EPSRC Hybrid Algorithms for Quantum Advantage

Funding to advance the theoretical capabilities required for the design and implementation of hybrid quantum algorithms.

The Engineering and Physical Sciences Research Council (EPSRC) – in partnership with the National Quantum Computing Centre (NQCC) – has launched this funding opportunity to advance the theoretical capabilities required for the design and implementation of hybrid quantum algorithms, strengthening the UK capability to scale from the Noisy Intermediate Scale Quantum computing (NISQ) era towards achieving quantum advantage.

The opportunity specifically supports the aims of National Quantum Strategy Mission 1 (QM1), which states ‘by 2035, there will be accessible, UK-based quantum computers capable of running 1 trillion operations and supporting applications that provide benefits which surpass those of classical supercomputers across key sectors of the economy’. Successful applications will address the reduction of resource requirements through adaptive estimation and innovative algorithms, while incorporating high-value sector engagement, user adoption and seamless domain integration of quantum computing.

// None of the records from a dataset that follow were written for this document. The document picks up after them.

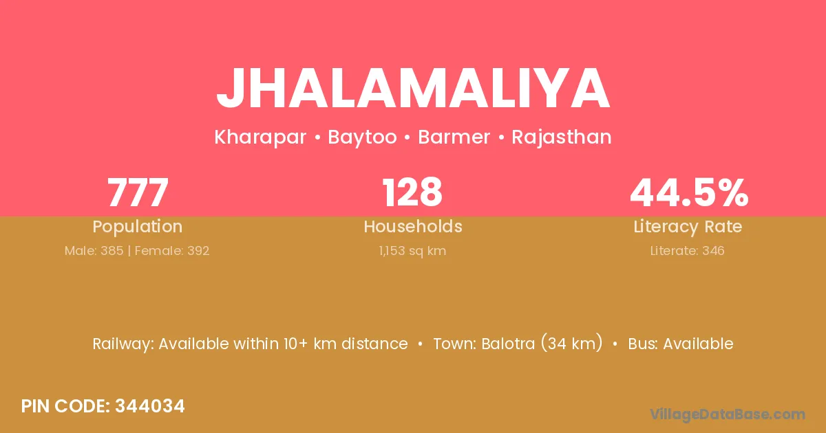Pipar City (25 km) is the nearest town to Jhalamaliya village for major economic activities and is located approximately 25 km away.
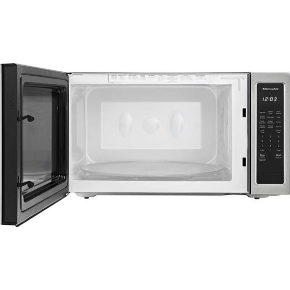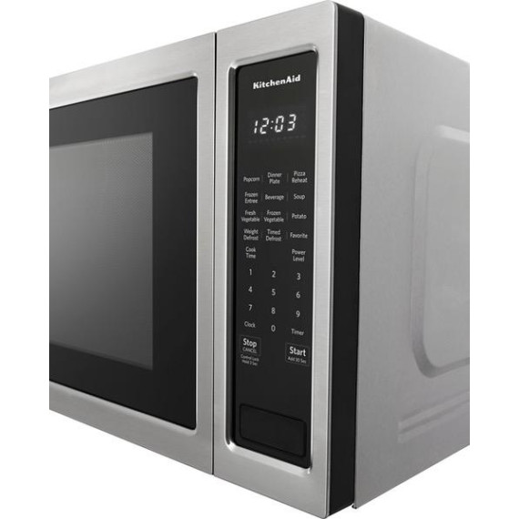 Prepare meals quickly and efficiently with this 2.2 cu. ft. KitchenAid countertop microwave. It has nine pre-programmed touch cycles and six sensor cycles to eliminate the guesswork when cooking common foods, and the bright LED display is easy to read. This KitchenAir countertop microwave delivers 1200W of power for heating large dishes.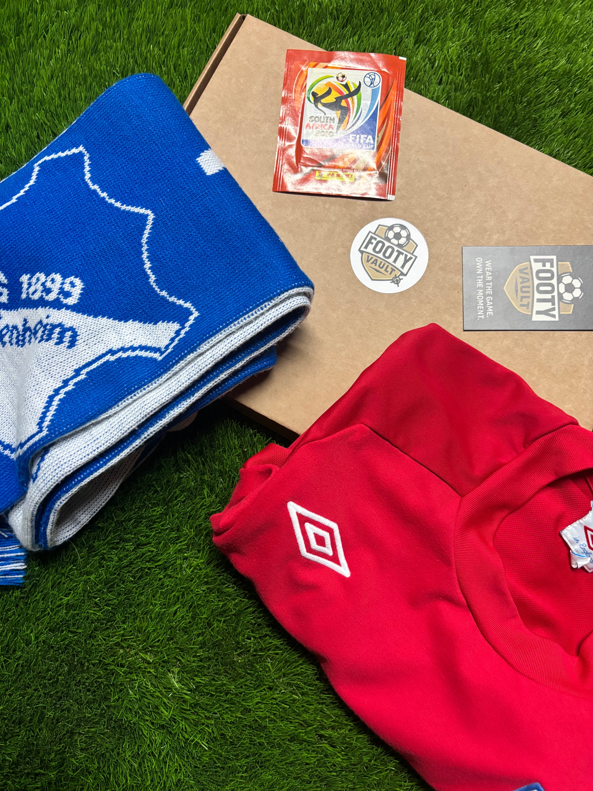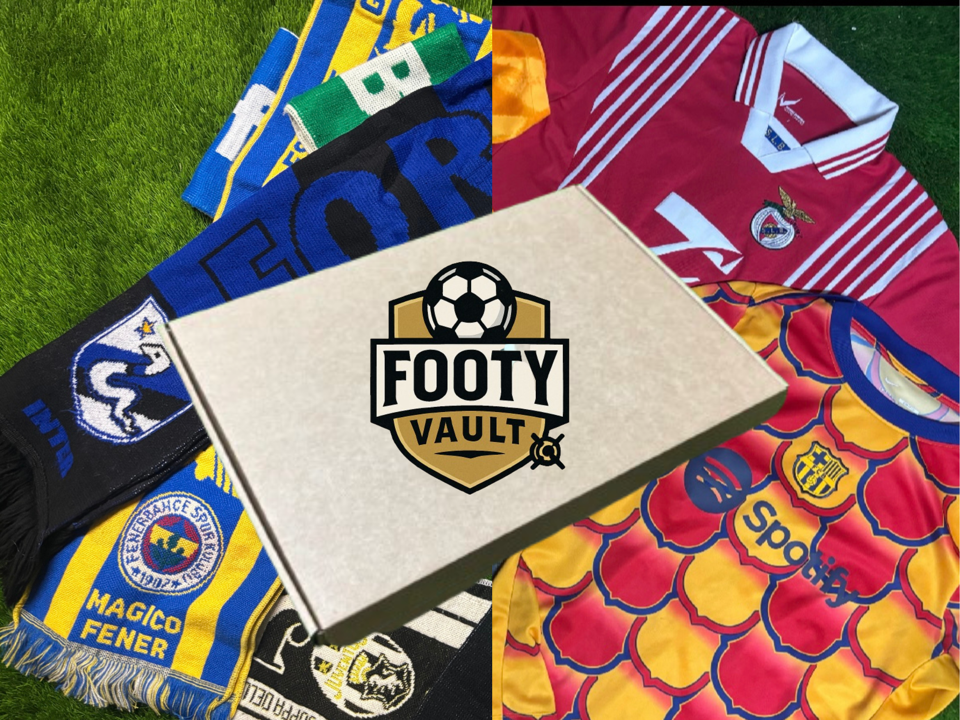 Unlock the thrill of the unknown with the Footy Vault Mega Mystery Box—your ticket to owning a piece of football history. Each box contains an authentic football shirt AND scarf from a club or country, past or present, classic or current. No hints. No repeats. Just pure football magic, wrapped in mystery.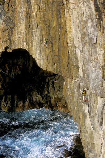 Дэйв МакЛеод (и Scott Muir) на Screaming Ab Dabs (E6 6b) на Isle of Lewis, Outer Hebrides, Шотландия. "Cubby" сделал первопроход этой линии в середине 80-ых . Фото Dave ‘Cubby’ Cuthbertson — cubbyimages.co.uk |
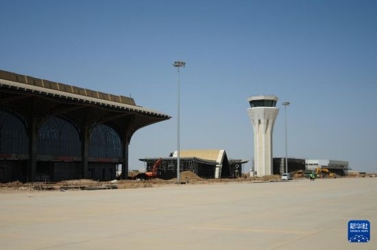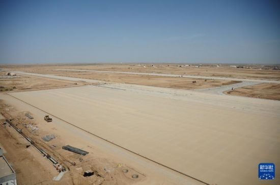 這是4月8日在伊拉克濟(jì)加爾省拍攝的由中國建筑集團(tuán)有限公司承建的納西里耶國際機(jī)場項(xiàng)目施工現(xiàn)場。新華社記者 段敏夫 攝

The opportunity seeks to enable collaboration between researchers, industry, government and regulators to accelerate hybrid quantum-classical computing across hardware, software, algorithms and applications in support of QM1. Projects should enable scalable, resource-efficient and trustworthy hybrid quantum-classical computation. Research in the following areas is welcomed:

• Adaptive resource estimation and algorithmic efficiency (methods to drive down computational resource requirements through innovative algorithms, adaptive estimation under uncertainty, and workflows aligned with high-value sector needs).
• Compilation, modelling and translation from algorithms to machine executable code (tools and models for translating algorithms into efficient quantum classical programs, including estimating hardware scale, qubit quality, classical coprocessing and operational depth required to run them).
• Quantum and classical resource co-estimation (understanding how classical resources scale when quantum elements are optimised, and how to balance workloads across hybrid systems).
• Verification, benchmarking, error mitigation and error correction (scalable testing and validation frameworks, error-mitigation techniques, resource-efficient approaches to error correction, and benchmarking strategies suitable for NISQ and pre-fault-tolerant systems).
• Future technology requirements and foundational theory (novel research topics underpinning the long‑term scaling of hybrid quantum–classical computing, driving rapid progress beyond the NISQ era through the Mega‑QuOp stage and onward to Giga‑ and Tera‑QuOp (GQuOp and TQuOp) era).

This is not an exhaustive list and applicants may propose other areas of novel research.

Projects must be no more than three years in duration with latest start date of 1 February 2027.